That's because my id is autoincrement and yours is not.




Michael D. Black

Senior Scientist

NG Information Systems

Advanced Analytics Directorate



________________________________
From: sqlite-users-boun...@sqlite.org [sqlite-users-boun...@sqlite.org] on 
behalf of Igor Tandetnik [itandet...@mvps.org]
Sent: Monday, August 22, 2011 12:18 PM
To: sqlite-users@sqlite.org
Subject: EXT :Re: [sqlite] Last record in db

On 8/22/2011 1:11 PM, Black, Michael (IS) wrote:
> Sure it does.
>
> sqlite>  select rowid,id,* from t1 where id=(select max(id) from t1);
> 4|4|4|two
>
>
>
> "two" was the last succesful insert in my example.

But 'another two' (id==2) was the last successful insert in my extension
of your example. Yet your statement still returns 4.
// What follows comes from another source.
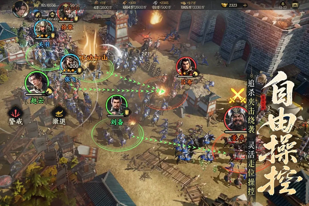 正版三国战中操控策略手游《三国群英传:策定九州》,以真RTS操作为核心特色,支持战中自由操控。主公们可在高地、树林、桥梁、河流、峡谷等可作战地形上,充分利用盾阻挡弓远射骑侧切的兵种特性,通过自由拖拽部队实时调整战术,在瞬息万变的战场上精准指挥行军路线、集火目标及迂回突袭,尽情享受在真实战场上即时操控战斗的RTS乐趣。

> I'm now noticing though that rowid is not working as documented.
>
> http://www.sqlite.org/autoinc.html
>
> Says "If no ROWID is specified on the insert, or if the specified
> ROWID has a value of NULL, then an appropriate ROWID is created
> automatically. The usual algorithm is to give the newly created row a
> ROWID that is one larger than the largest ROWID in the table prior to
> the insert."
>
> But....if I delete the max rowid I expect it to be re-used based on the 
> above....

The quote you cite applies to the case where AUTOINCREMENT keyword is
not specified. But in your latest example, you do specify one.